Exercise: With the exception of the pictures, write out the data below precisely.

Supplied material:
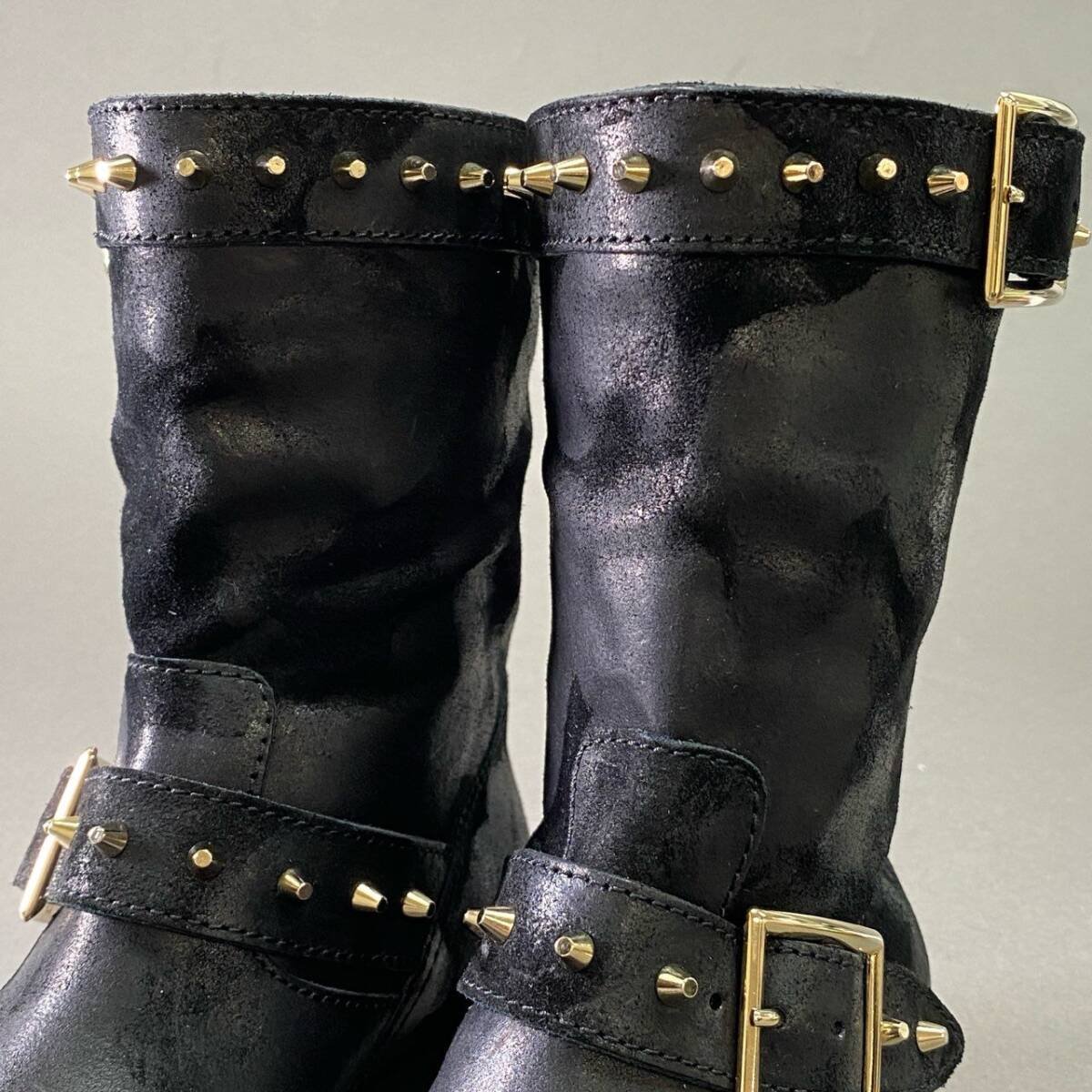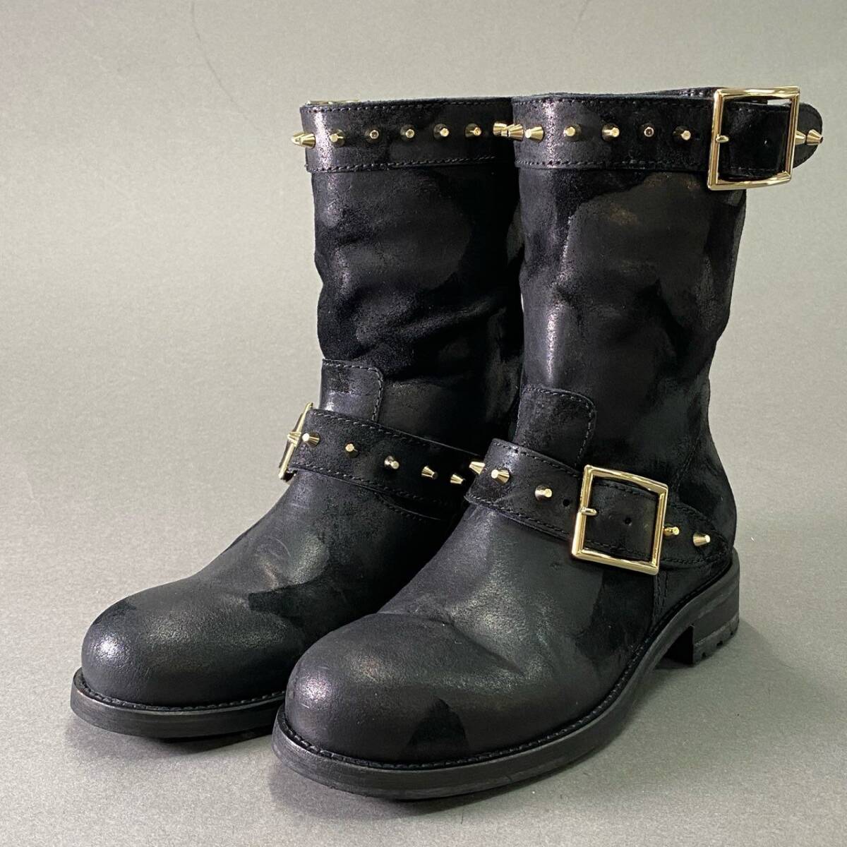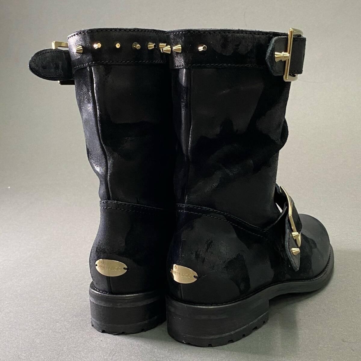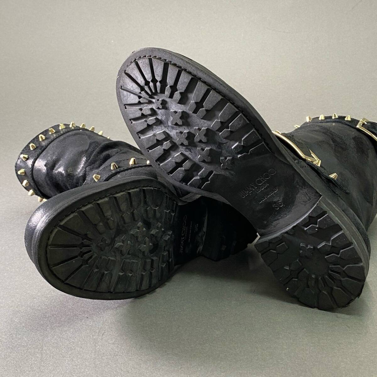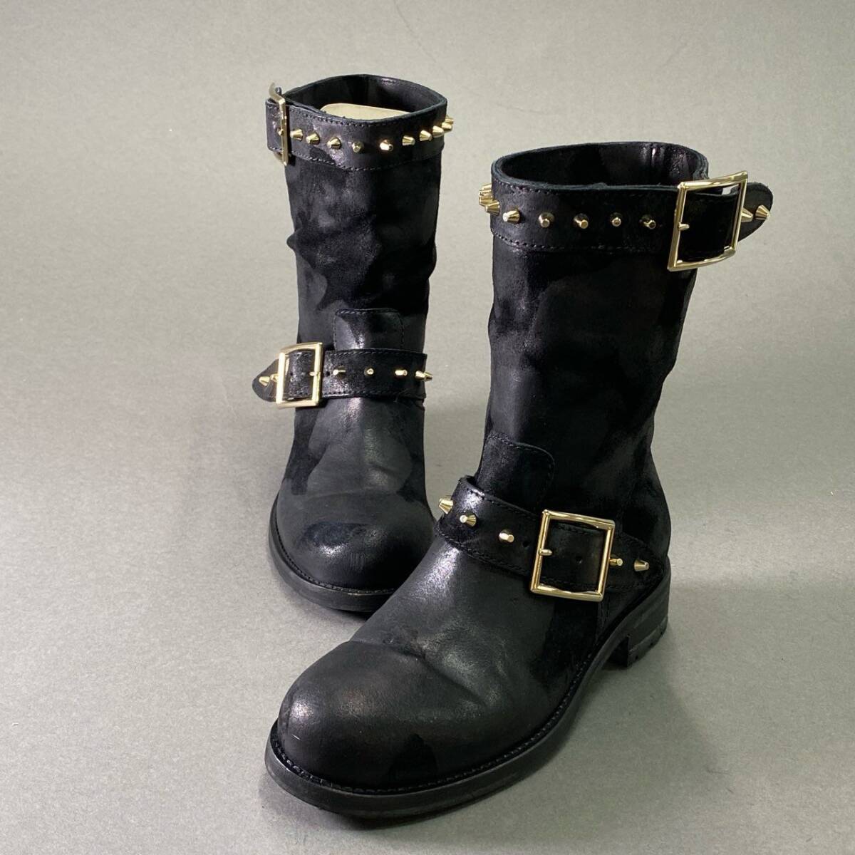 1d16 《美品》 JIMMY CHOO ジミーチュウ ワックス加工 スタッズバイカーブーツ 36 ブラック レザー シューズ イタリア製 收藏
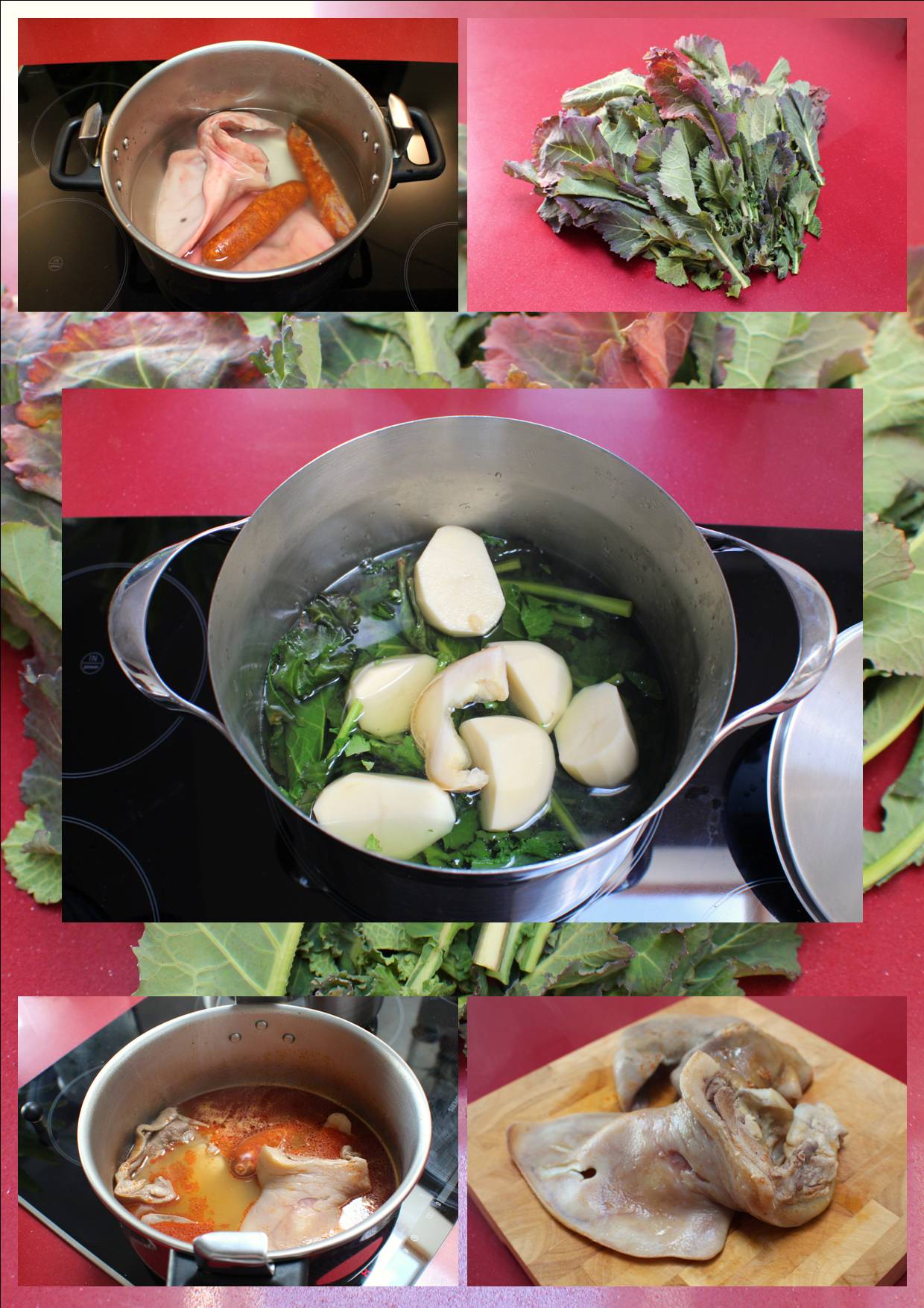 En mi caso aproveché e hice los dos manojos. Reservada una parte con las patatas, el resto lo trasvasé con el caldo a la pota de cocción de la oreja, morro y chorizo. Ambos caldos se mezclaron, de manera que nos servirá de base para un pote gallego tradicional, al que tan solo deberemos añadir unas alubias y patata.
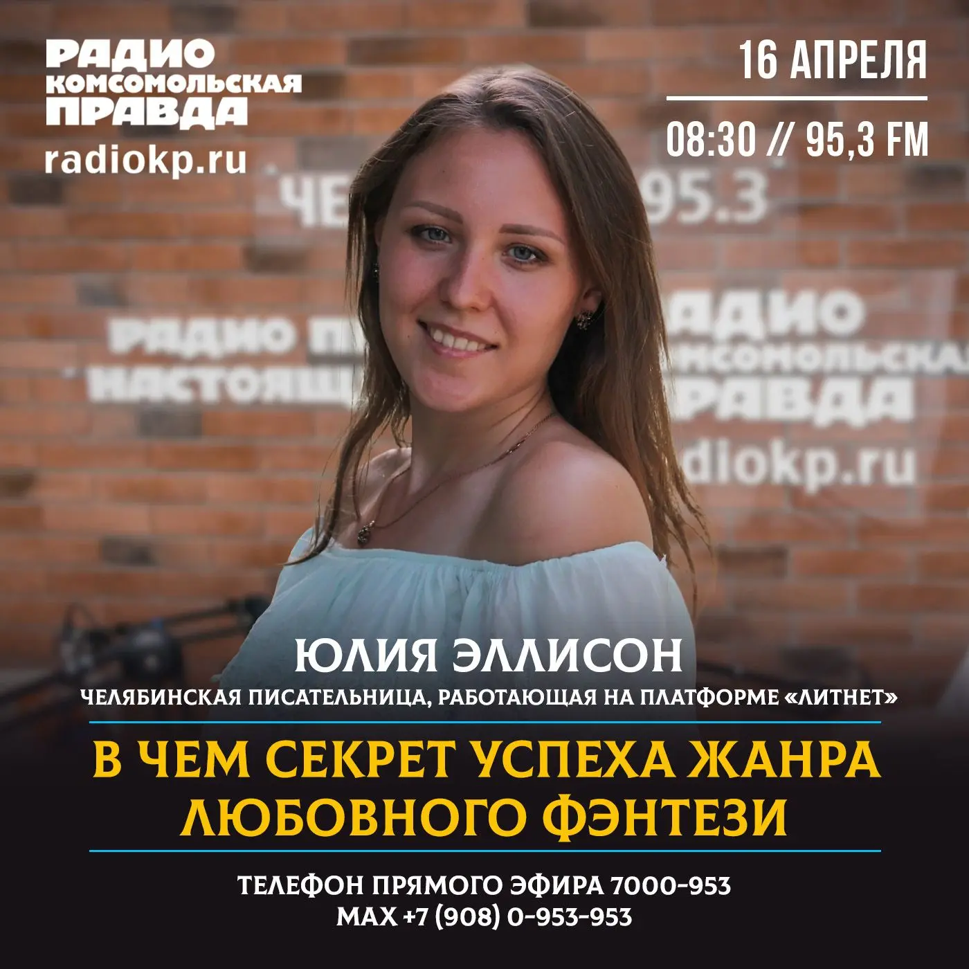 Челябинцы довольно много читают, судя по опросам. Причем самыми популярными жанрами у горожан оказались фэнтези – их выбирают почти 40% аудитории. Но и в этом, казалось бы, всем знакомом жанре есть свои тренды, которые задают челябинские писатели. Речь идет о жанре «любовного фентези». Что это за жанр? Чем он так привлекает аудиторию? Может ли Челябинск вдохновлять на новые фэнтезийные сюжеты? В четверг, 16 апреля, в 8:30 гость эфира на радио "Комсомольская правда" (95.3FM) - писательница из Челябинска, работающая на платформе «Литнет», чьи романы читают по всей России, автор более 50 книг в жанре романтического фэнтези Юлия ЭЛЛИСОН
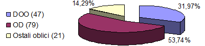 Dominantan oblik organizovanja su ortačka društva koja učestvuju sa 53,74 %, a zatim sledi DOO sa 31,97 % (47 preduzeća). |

Finished task:
 1d16 《美品》 JIMMY CHOO ジミーチュウ ワックス加工 スタッズバイカーブーツ 36 ブラック レザー シューズ イタリア製 收藏
 En mi caso aproveché e hice los dos manojos. Reservada una parte con las patatas, el resto lo trasvasé con el caldo a la pota de cocción de la oreja, morro y chorizo. Ambos caldos se mezclaron, de manera que nos servirá de base para un pote gallego tradicional, al que tan solo deberemos añadir unas alubias y patata.
 Челябинцы довольно много читают, судя по опросам. Причем самыми популярными жанрами у горожан оказались фэнтези – их выбирают почти 40% аудитории. Но и в этом, казалось бы, всем знакомом жанре есть свои тренды, которые задают челябинские писатели. Речь идет о жанре «любовного фентези». Что это за жанр? Чем он так привлекает аудиторию? Может ли Челябинск вдохновлять на новые фэнтезийные сюжеты? В четверг, 16 апреля, в 8:30 гость эфира на радио "Комсомольская правда" (95.3FM) - писательница из Челябинска, работающая на платформе «Литнет», чьи романы читают по всей России, автор более 50 книг в жанре романтического фэнтези Юлия ЭЛЛИСОН
 Dominantan oblik organizovanja su ortačka društva koja učestvuju sa 53,74 %, a zatim sledi DOO sa 31,97 % (47 preduzeća). |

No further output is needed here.